2025年11月10日月曜日

「未解決事件」File.02 北朝鮮 拉致事件

NHK未解決事件新シリーズFile.02は「北朝鮮による拉致事件」。10月18日に放送。

これを聞いてちょっと意外だった。未解決事件って犯人も目的もわかってない事件の真相を追うシリーズだと思ったから。でも、拉致被害者が家族のいる実家に半世紀経とうとしてるのに帰れないという状況は未解決と言っていいに違いない。

まずドラマパート。日本国内で工作活動に暗躍する北朝鮮のスパイたちを追う外事警察の刑事と幹部たち。高良健吾、沢村一樹、榎木孝明といったキャストで重厚に。
まだ誰も北朝鮮が日本国内で国家の主権を侵害するスパイ工作活動をしてるなんて信じてない時代。
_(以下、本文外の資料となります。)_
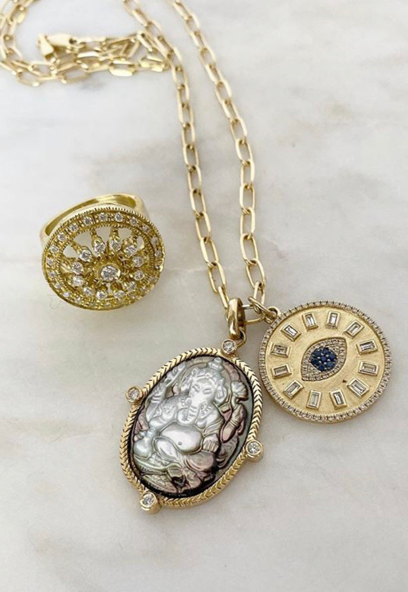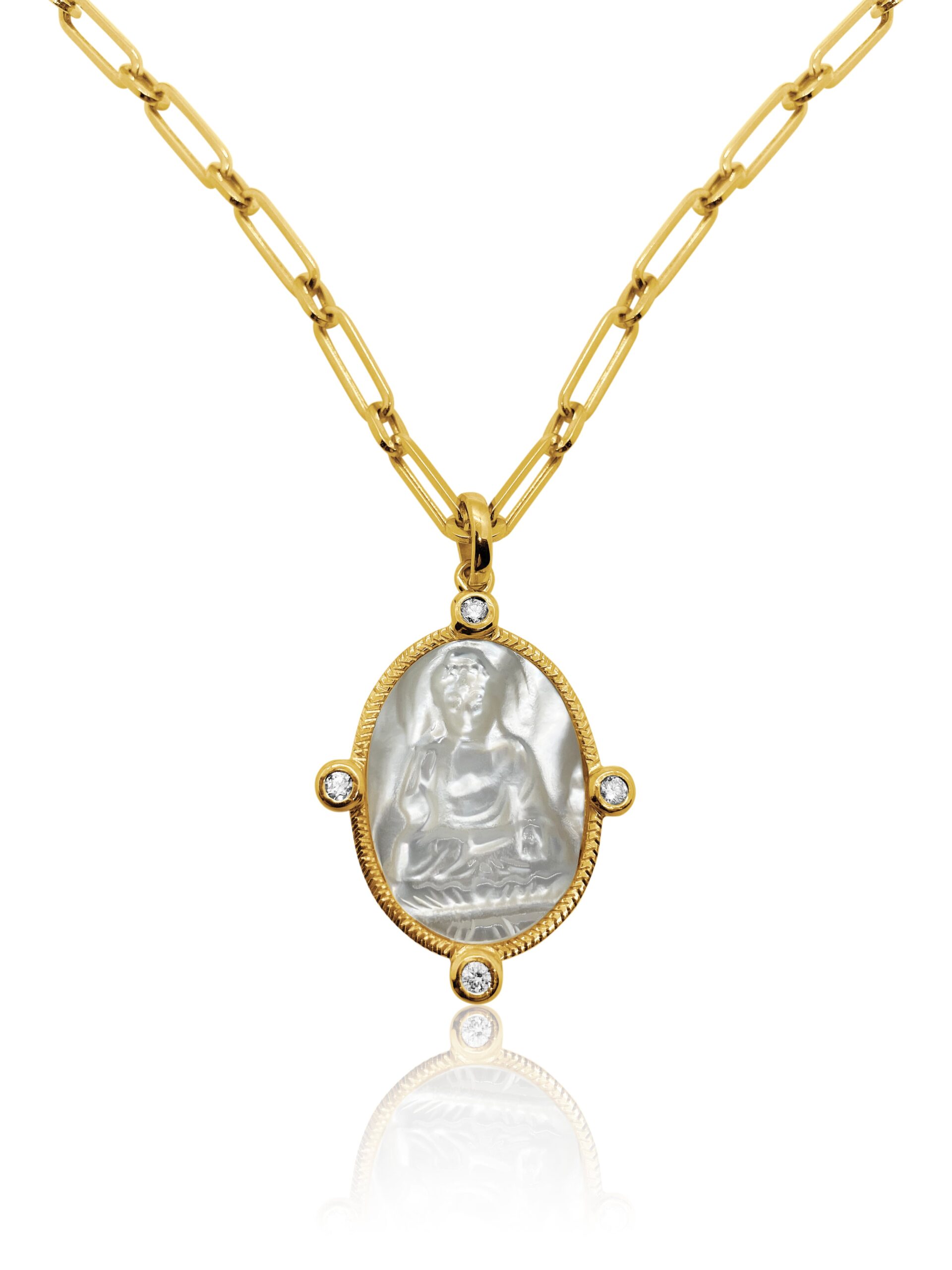 Striking on its own. this Mother of Pearl Buddha rests in a gold frame with four diamond points (shown in black Ganesha in first image). Paired with our Paperclip Necklace. it pops beautifully worn at 16 inches or makes for a great layering piece at 18 and 20.

外事警察はかなり早くから事件に深く接近していた。北朝鮮協力者の尾行やマークなど、地味に神経をすり減らす長い長い苦闘の日々。

相次ぐアベック失踪事件は北朝鮮による拉致…という可能性を報じたのは産経新聞だけ。信じられるのは産経だけ。他の大手マスコミは完全スルー。
その責任は重大だが、当時の日本の雰囲気と戦後の平和な社会で育った人々に、まさか外国勢力が日本で人権を蹂躙するような事件を起こしていたとはとても信じられなかったのも仕方ないかもしれない。
一方、柏崎の海岸で恋人といっしょに拉致された蓮池薫さん役は田中俊介。北朝鮮での日々が描かれる。蓮池さんの奥さんを演じた人がすごくリアルにそっくりで驚く。

蓮池さんや曽我さんが生還できたおかげで、こういったドラマの細部が描けてる。北朝鮮工作員チェ・スンチョルを演じたのは大倉孝二。いい意味で見ていて腹の立つ軽薄さとバカ演技で感心。
沢村さんと榎木さんが…というシーンはどうしたって新旧の浅見光彦!って思ってしまったw

いやもう見ていてイライラする。関係個所の家宅捜索が政治側からストップがかかるとか、現場の刑事たちはやりきれない。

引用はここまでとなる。